We know that for a circle ${{x}^{2}}+{{y}^{2}}+2gx+2fy+c=0$ , the radius is given by $\sqrt{{{g}^{2}}+{{f}^{2}}-c}$ , and centre C=(-g,-f). So, for the circle ${{x}^{2}}+{{y}^{2}}-4x-1=0$ , the centre is (2,0) and radius is $\sqrt{{{2}^{2}}-\left( -1 \right)}=\sqrt{5}$ .
Also, for the circle ${{x}^{2}}+{{y}^{2}}-2y-9=0$ , centre is (0,1) and radius is $\sqrt{{{1}^{2}}-\left( -9 \right)}=\sqrt{10}$ . So, let us draw a representative diagram of the situation given.

Distance between ${{C}_{1}}\text{ }and\text{ }{{C}_{2}}$ can be found using the distance formula.
Now, according to the distance formula, the distance between two points $\left( {{x}_{1}},{{y}_{1}} \right)\text{ and }\left( {{x}_{2}},{{y}_{2}} \right)$ is given by $\sqrt{{{\left( {{x}_{2}}-{{x}_{1}} \right)}^{2}}+{{\left( {{y}_{2}}-{{y}_{1}} \right)}^{2}}}$ .

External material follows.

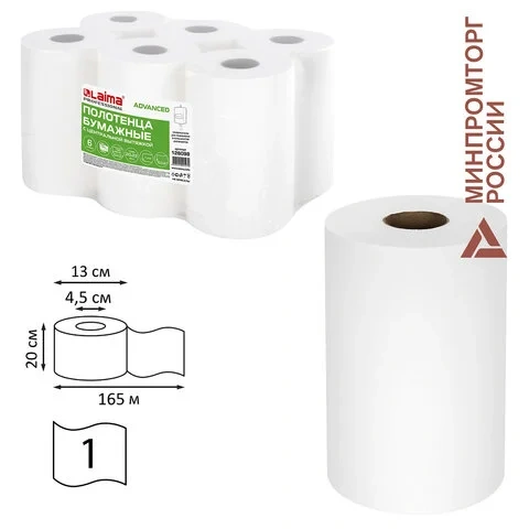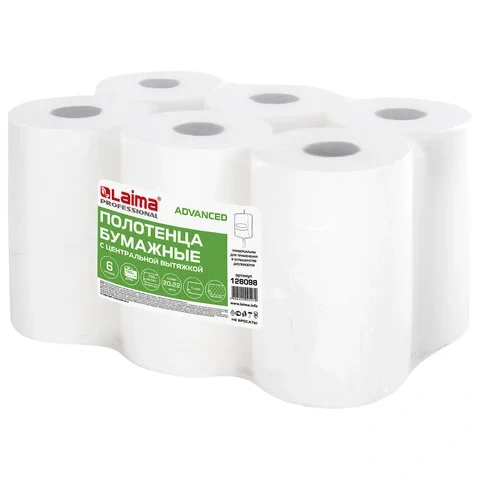 Бумажные полотенца Laima Классик M2, в рулоне с центр. вытяжкой, 1 слой, 165м, белые, 6 рулонов

$\therefore {{C}_{1}}{{C}_{2}}=\sqrt{{{(2-0)}^{2}}+{{(0-1)}^{2}}}=\sqrt{5}$
Now, we know that the distance use the formula $\cos \theta =\dfrac{{{r}_{1}}^{2}+{{r}_{2}}^{2}-{{d}^{2}}}{2{{r}_{1}}{{r}_{2}}}$ , where $\theta $ is the angle between the circles and d is the distance between the centres.
$\cos \theta =\dfrac{{{\left( \sqrt{5} \right)}^{2}}+{{\left( \sqrt{10} \right)}^{2}}-{{\left( \sqrt{5} \right)}^{2}}}{2\sqrt{5}\times \sqrt{10}}=\dfrac{10}{2\times 5\sqrt{2}}=\dfrac{1}{\sqrt{2}}$
Now we know that $\cos 45{}^\circ =\dfrac{1}{\sqrt{2}}$ . So, we can say that the angle between the two circles is $45{}^\circ $ .

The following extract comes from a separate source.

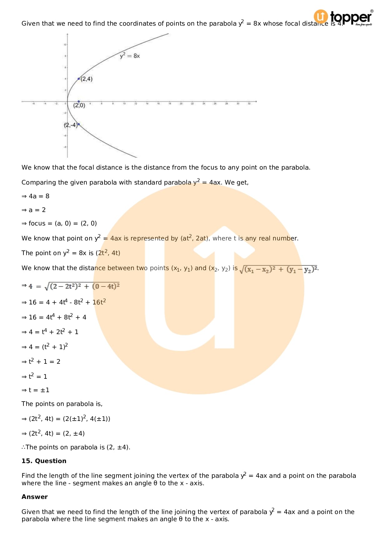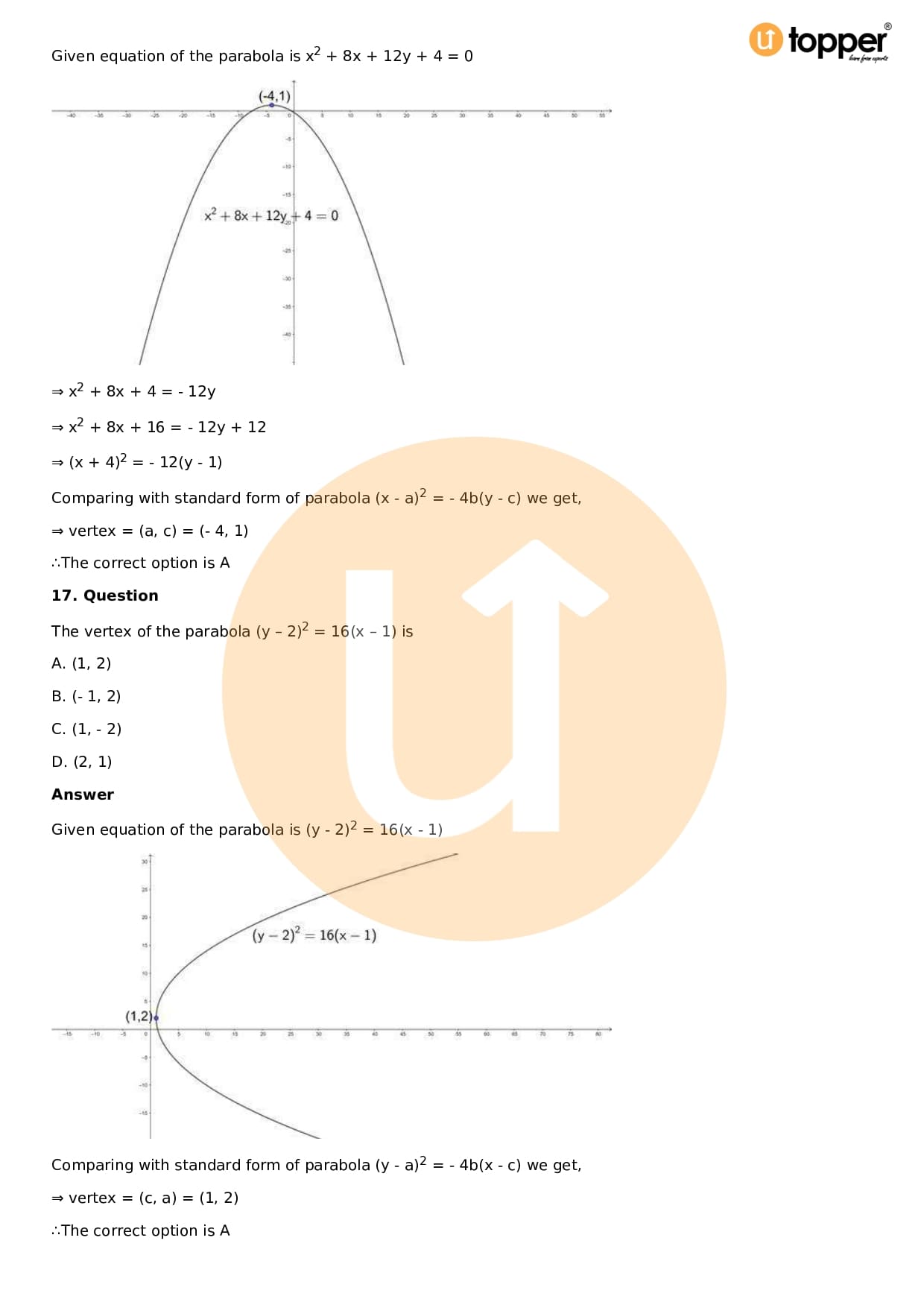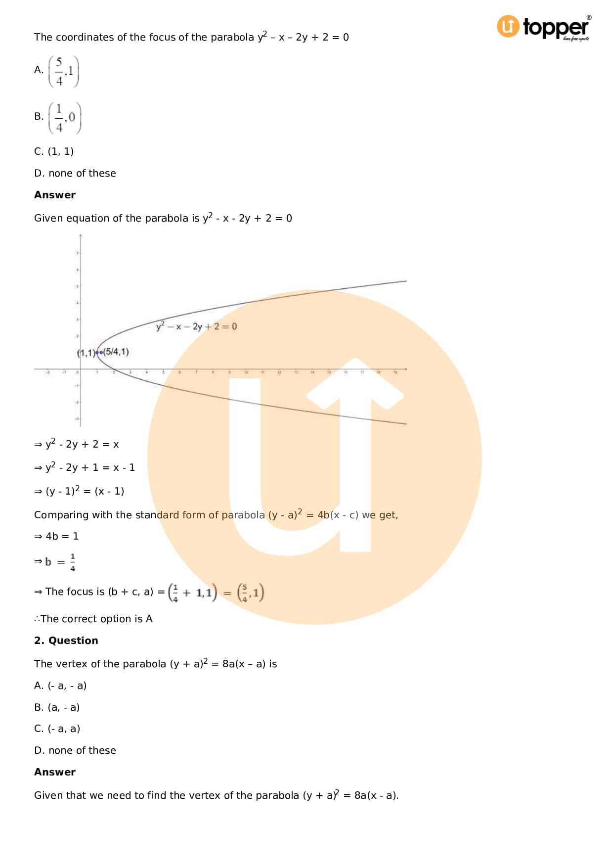 Download the latest version of RD Sharma Solutions for Class 11 Maths Chapter 25 Parabola PDF at Utopper. It provides step by step Solution PDF. You can download RD Sharma Maths Solutions with a free PDF download option, which includes chapter wise solutions. All the questions in RD Sharma Solutions have been solved and explained by expert mathematics teachers as per the CBSE Board guidelines. By studying these Maths Solutions, you can easily get good marks in the CBSE board exams.

Note:If you would not have recognised that the curves are circles then you first have to find the meet point of the curves, then the tangents of both the curves at the meet point and then the angle between the tangents using the formula $\tan \theta =\left| \dfrac{{{m}_{1}}-{{m}_{2}}}{1+{{m}_{1}}{{m}_{2}}} \right|$ , i.e., the angle between lines. This method is valid for any curve, no matter whether they are standard curves or not.